Global coarsening: compress weights #13099

peterrum · 2021-12-19T17:09:49Z

No description provided.

peterrum · 2021-12-20T19:27:53Z

@kronbichler I am tempted to get rid of the short-cut path, since it makes the application of hanging-node constraints and the application of weights annoyingly complicated. What do you think?

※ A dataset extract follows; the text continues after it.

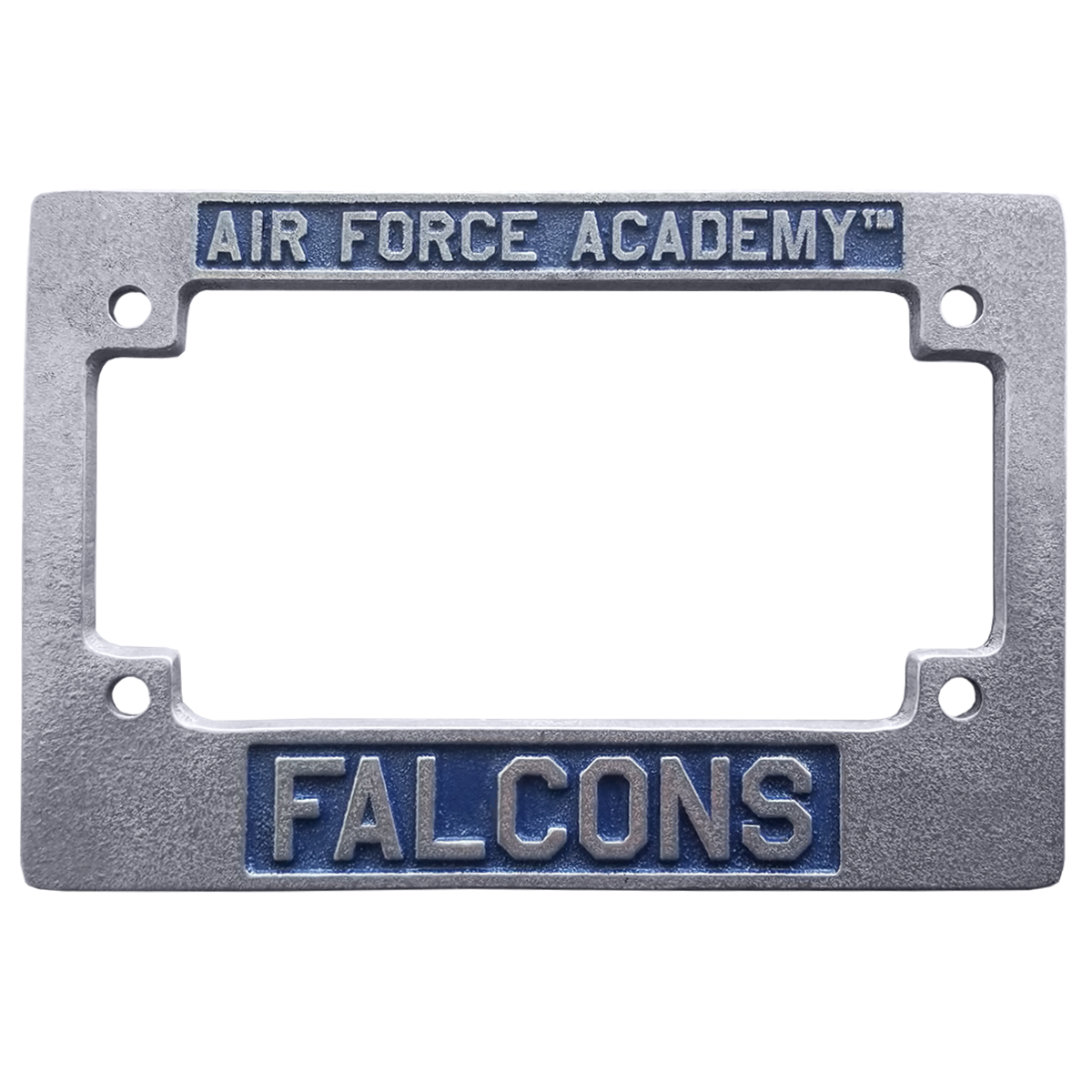 Pewter license plate frame sized perfectly for your motorcycle license plate. Air Force Academy is at the top and Falcons is at the bottom.
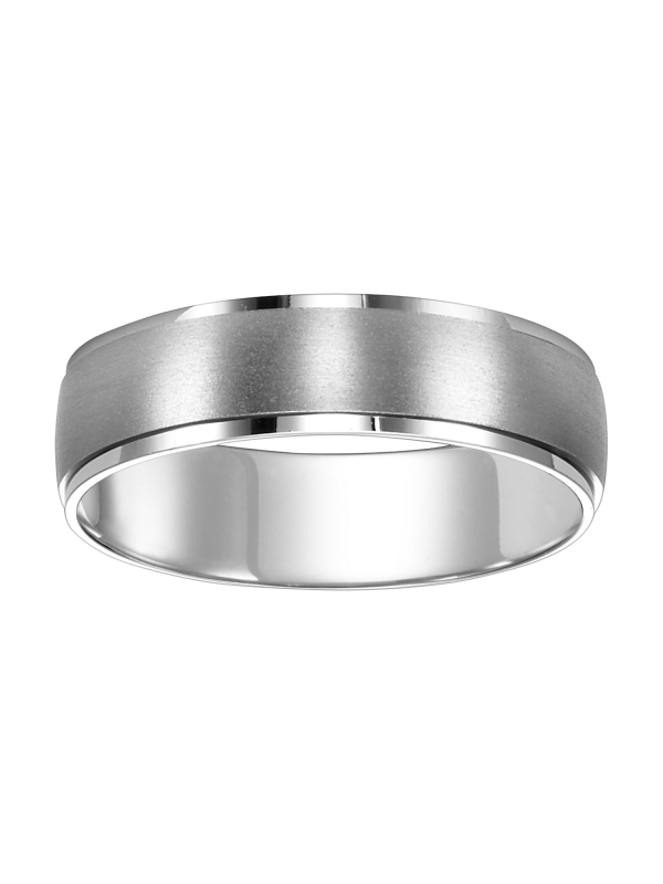 Men's wedding band with satin finish and flat edges with low dome profile Available In: 18K Yellow Gold,18K White Gold,14K Yellow Gold,14K White Gold,Platinum,Palladium

dealii/include/deal.II/multigrid/mg_transfer_global_coarsening.templates.h

Lines 2526 to 2571 in cfa11cf

    
           // identity -> take short cut and work directly on global vectors 
        
           if (scheme.prolongation_matrix.size() == 0 && 
        
               scheme.prolongation_matrix_1d.size() == 0) 
        
             { 
        
               for (unsigned int cell = 0; cell < scheme.n_coarse_cells; 
        
                    cell += n_lanes) 
        
                 { 
        
                   const unsigned int n_lanes_filled = 
        
                     (cell + n_lanes > scheme.n_coarse_cells) ? 
        
                       (scheme.n_coarse_cells - cell) : 
        
                       n_lanes; 
        
                   // read from source vector 
        
                   for (unsigned int v = 0; v < n_lanes_filled; ++v) 
        
                     { 
        
                       if ((scheme.n_dofs_per_cell_fine != 0) && 
        
                           (scheme.n_dofs_per_cell_coarse != 0)) 
        
                         { 
        
                           if (fine_element_is_continuous) 
        
                             for (unsigned int i = 0; 
        
                                  i < scheme.n_dofs_per_cell_fine; 
        
                                  ++i) 
        
                               vec_fine_ptr->local_element(indices_fine[i]) += 
        
                                 read_dof_values(indices_coarse[i], vec_coarse) * 
        
                                 weights[i]; 
        
                           else 
        
                             for (unsigned int i = 0; 
        
                                  i < scheme.n_dofs_per_cell_fine; 
        
                                  ++i) 
        
                               vec_fine_ptr->local_element(indices_fine[i]) += 
        
                                 read_dof_values(indices_coarse[i], vec_coarse); 
        
                         } 
        
                       indices_fine += scheme.n_dofs_per_cell_fine; 
        
                       indices_coarse += scheme.n_dofs_per_cell_coarse; 
        
                       if (fine_element_is_continuous) 
        
                         weights += scheme.n_dofs_per_cell_fine; 
        
                     } 
        
                   if (fine_element_is_continuous) 
        
                     weights_compressed += 1; 
        
                 } 
        
               continue; 
        
             }

kronbichler · 2021-12-21T08:53:27Z

I am tempted to get rid of the short-cut path [...]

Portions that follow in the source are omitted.